La lepra es una enfermedad terrible. Puede producir úlceras en la piel, debilidad, dolor y deformidad. Además, es contagiosa. Hasta los años 40 del siglo pasado no se descubrió un tratamiento eficaz. En la primera lectura, hemos escuchado las instrucciones que el mismo Dios dio a su pueblo para prevenir que la enfermedad se convirtiera en una pandemia. Esto, en estos momentos que vivimos, quizá lo comprendamos mejor que nunca… Los leprosos eran apartados de la sociedad y, a menudo, eran vistos con miedo y rechazo. El que se contagiaba de lepra, sabía que su vida iba a cambiar totalmente, en una especie de confinamiento, pero sin cura y para siempre.
Jesús, en el Evangelio, deja que se le acerque un leproso, se compadece de él, lo toca y lo cura. O sea, justo lo contrario de lo que se podía hacer. Y lo hace porque precisamente para eso ha venido al mundo: para hacer lo imposible, para salvarnos del mal, para curarnos del pecado. Él es la misericordia infinita encarnada, que no nos mira como apestados o como pecadores, sino como personas. Él mira nuestro corazón, y lo hace con ternura y compasión. Está siempre dispuesto a darnos una nueva oportunidad. Por todo ello, deja que se le acerque aquel leproso y hace lo que no se podía hacer: curarlo de la lepra y devolverle a su vida ordinaria.

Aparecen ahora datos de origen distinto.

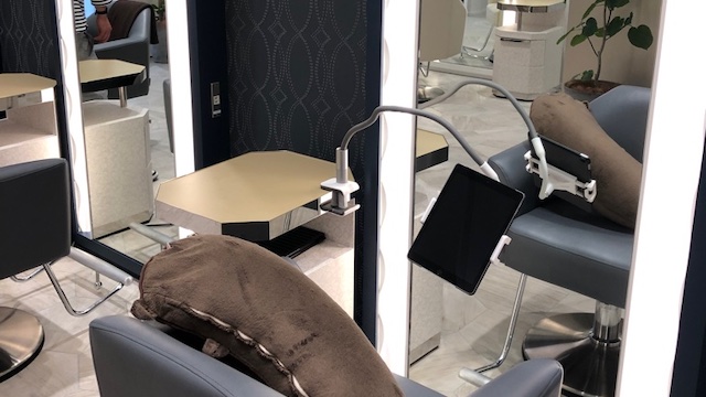 カットブースにはタブレットが設置されており、お客様は好きな映画、電子書籍、音楽などを楽しむことができます。
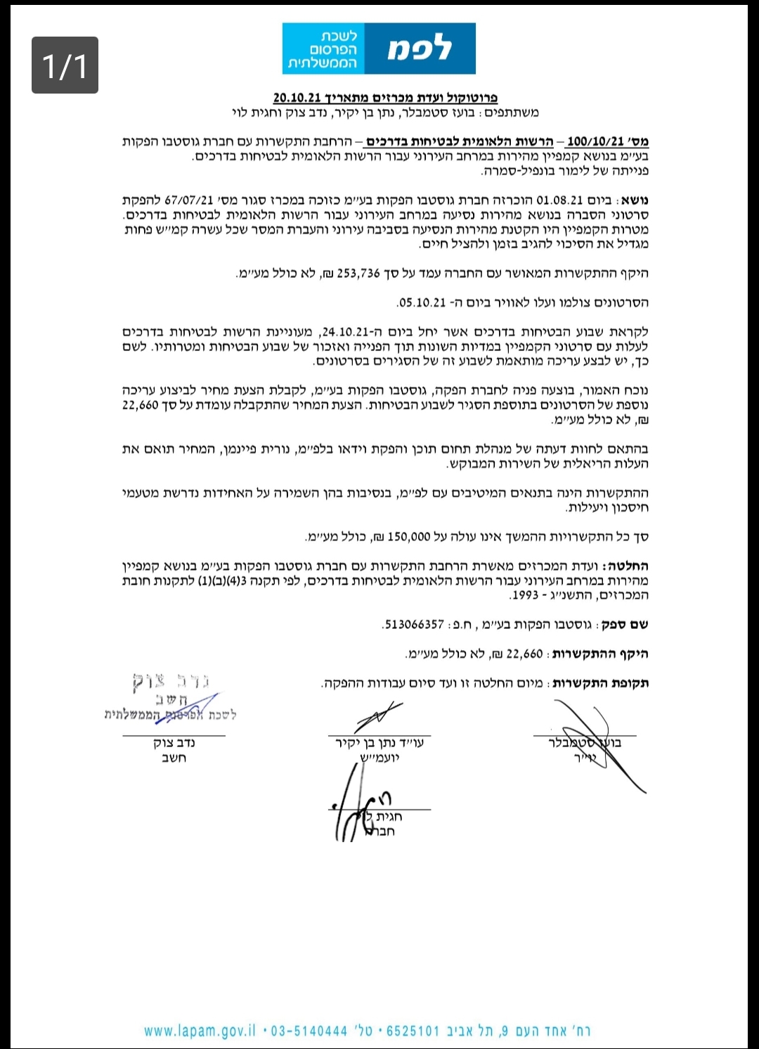 הרחבת התקשרות עם חב' גוסטבו הפקות בע"מ בנוגע לקמפיין מהירות במרחב העירוני עבור הרלב"ד
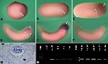 Figure 2. Xenopus MADM-like (xMADML) expression. A-F: Embryonic expression of xMADML by in situ hybridization. Anterior is to the right in all cases. White arrowheads denote the rightlateral extent of anterior staining, and white arrows indicate eye and lens placode staining. A is a dorsal view, dorsal is up in B-F. A: Stage 14: faint xMADML expression visible in the anterior neural plate. The black arrowhead indicates the blastopore, and the dotted line indicates the dorsal midline of the embryo. B: Stage 19: faint xMADML expression visible in a region of the anterior neural plate and adjacent headectoderm. C-E: Stages 25, 32, and 35, respectively: revealing expression in the presumptive lensectoderm (PLE), lens, retina, and surrounding areas. F: Stage 35 sense control showing no staining. G: Section of eye of animal shown in E. H: RT-PCR analysis of xMADML expression in stages as noted. Lane 1 is the 1-kb DNA ladder, lane 2 is a negative control, and lane 3 is positive control plasmid. The white arrow indicates the expected 1,513-bp amplified product, based on the full-length cDNA coding sequence recovered. The white arrowheads indicate two alternative splice forms (see text). ce, corneal epithelium; le, lens; nr, neural retina. Scale bar = 400 mu m in A-F, 100 mu m in G.

El leproso, por su parte, se acerca a Jesús con una actitud que también tenemos que aprender. Se arrodilla, como manifestación de humildad, y le dice a Jesús: “Si quieres, puedes limpiarme”. “Si quieres”, es decir, si es tu voluntad, si lo consideras bueno. Y Jesús lo cura. Cuando le abrimos la puerta al Señor, el entra y nos sana.

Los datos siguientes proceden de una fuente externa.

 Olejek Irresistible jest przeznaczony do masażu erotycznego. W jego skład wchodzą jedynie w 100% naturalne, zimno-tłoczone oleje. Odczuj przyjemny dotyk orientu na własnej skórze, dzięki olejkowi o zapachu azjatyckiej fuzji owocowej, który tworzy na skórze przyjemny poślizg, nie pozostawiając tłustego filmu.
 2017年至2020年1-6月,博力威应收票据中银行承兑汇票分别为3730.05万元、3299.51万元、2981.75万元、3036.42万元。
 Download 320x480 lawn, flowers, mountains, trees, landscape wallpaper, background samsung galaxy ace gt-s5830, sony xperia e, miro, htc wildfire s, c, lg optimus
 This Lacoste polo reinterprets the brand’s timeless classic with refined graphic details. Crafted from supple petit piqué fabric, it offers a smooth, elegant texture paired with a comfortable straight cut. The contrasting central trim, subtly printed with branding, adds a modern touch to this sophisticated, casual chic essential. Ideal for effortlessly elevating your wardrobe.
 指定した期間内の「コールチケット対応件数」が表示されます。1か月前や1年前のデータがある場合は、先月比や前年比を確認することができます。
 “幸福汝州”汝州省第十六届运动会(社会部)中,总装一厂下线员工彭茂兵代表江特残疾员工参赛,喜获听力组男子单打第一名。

Este mismo Jesús quiere hoy hacer lo imposible con nosotros y curarnos de esa enfermedad que nos produce dolor, nos desfigura, nos aparta de Dios y de los demás dejándonos solos, y que nadie puede curar, sino solo el Señor. Esa enfermedad es el pecado. ¡El pecado es mucho más terrible para el alma que la lepra para el cuerpo! Y todos hemos probado alguna vez esa tristeza, esa falta de paz, esa soledad, esa amargura en que nos deja esta “enfermedad”…

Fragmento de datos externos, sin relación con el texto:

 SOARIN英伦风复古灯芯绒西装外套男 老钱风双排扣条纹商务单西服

Acerquémonos, hermanos, a Jesús. Abrámosle la puerta de nuestra alma y pidámosle que nos cure. Acudamos al gran regalo que Él ha dejado en su Iglesia para seguir limpiándonos, y que se llama la confesión. Vayamos a confesarnos con humildad, con sinceridad, con arrepentimiento, con propósito de cambiar. Y vayamos con frecuencia. La confesión no solo nos perdona los pecados, sino que también nos da fuerza para no caer más.
Por último, imitemos en nuestra pequeña medida esa actitud misericordiosa de Jesús. No rechacemos a los demás porque estén enfermos, o sean unos sinvergüenzas, o nos hayan hecho daño, o sean diferentes a nosotros. Actuemos con cabeza pero también con corazón, viendo en los demás lo que son: personas. Personas por las que Dios se hizo hombre y derramó toda su sangre.
Que María, Madre de misericordia, nos conceda aprovecharnos de la misericordia de Dios en la confesión y actuar con misericordia con nuestros hermanos.